Ruby – Blacklight is based on Ruby and so is ActiveFedora. We had no Ruby experince at Hull but have been able to get up to speed quite quickly
Generally the unifying theme is an Open Approach.
- All the technology choices are open source
- Current technology framework heavily Fedora and Ruby orientated – but models and approach can be used more widely
- Feedback on the project and ideas are very much welcomed.
- Ultimate objective is to intertwine tech and framework.
Cue a live Demo!
Chris looks at the University of Hull repository (interface is Blacklight) and searches to find an eThesis with attached videos (attachments are children of the parent record of an object). Also faceted browse as well. Chris likes that Blacklight shows the build up of search terms and elements very clearly so it is user friendly.
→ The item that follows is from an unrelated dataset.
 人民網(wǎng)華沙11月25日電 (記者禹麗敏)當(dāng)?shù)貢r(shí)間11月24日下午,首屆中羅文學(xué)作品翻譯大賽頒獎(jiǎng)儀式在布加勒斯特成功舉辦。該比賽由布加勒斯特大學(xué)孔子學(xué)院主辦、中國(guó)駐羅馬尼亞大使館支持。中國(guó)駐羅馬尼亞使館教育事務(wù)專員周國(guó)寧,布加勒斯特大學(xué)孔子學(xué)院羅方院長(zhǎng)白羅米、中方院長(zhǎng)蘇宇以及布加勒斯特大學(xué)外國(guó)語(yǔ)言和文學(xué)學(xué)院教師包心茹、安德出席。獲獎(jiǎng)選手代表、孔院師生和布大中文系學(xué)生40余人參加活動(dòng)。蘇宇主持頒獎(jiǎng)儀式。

Hull are involved in a JISC project to see if Blacklight can be used on the main Library record. This allows faceted browse or filtering – looks somewhere like WorldCat. The advanced search includes significant advanced options.
Also a demo of Hydrangea at Stanford. This looks like blacklight but also allows the viewing of more complex information on items – including deposit date etc. Still working on UI but the idea is that articles contain rich information on related journal as well. You can also edit records and add records here. Clicking on fields enable editing. No saving required – the edits are saved straight back when you click back away. We are developing an intermediate stage where you edit but only save when you commit the changes – to save on memory.
Find out more:
- Wiki: http://wiki.duraspace.org/display/hydra
- list: email@example.com
- code: http://github.com/projecthydra/hydrangea
- JIRA: http://jira.duraspace.org/browse/HYDRA
- Meet: Hydra & Blacklight Camp, Minneapolis, Oct 4-8 and DLF Fall Forum, Palo Alto (California), ov 1.3
Q – James Toon) How do you deal with changes – can you roll back to previous versions?
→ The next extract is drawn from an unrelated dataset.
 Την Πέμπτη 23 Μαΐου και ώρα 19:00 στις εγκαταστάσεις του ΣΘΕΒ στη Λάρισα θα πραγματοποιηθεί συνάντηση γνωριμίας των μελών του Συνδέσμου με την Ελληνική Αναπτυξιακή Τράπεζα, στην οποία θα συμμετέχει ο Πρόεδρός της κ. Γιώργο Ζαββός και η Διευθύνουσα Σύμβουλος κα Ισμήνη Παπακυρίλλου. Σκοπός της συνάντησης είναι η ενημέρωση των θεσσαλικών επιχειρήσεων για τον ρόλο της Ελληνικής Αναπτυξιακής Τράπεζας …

A) Yes. Fedora tracks all changes so roll back is always possible.But how that is enabled in the interface is still to be thought about.
Q – James Toon) But what do you do if you link to a particular identifier and there is a change?
A) Can roll back to previous versions of that item. the link always go to the current version. However there may be other aspects to work out re: linking.
Q – William Nixon) is Blacklight a viable alternative to other library catalogue interfaces
A) we are guided and influenced by the way Virginia and Stanford are using Blacklight. It is very flexible. Our current test work barely stratched the surface of what blacklight can do. But also why can’t we use a single interface onto our catalogue, our repository and indeed our archives at some point.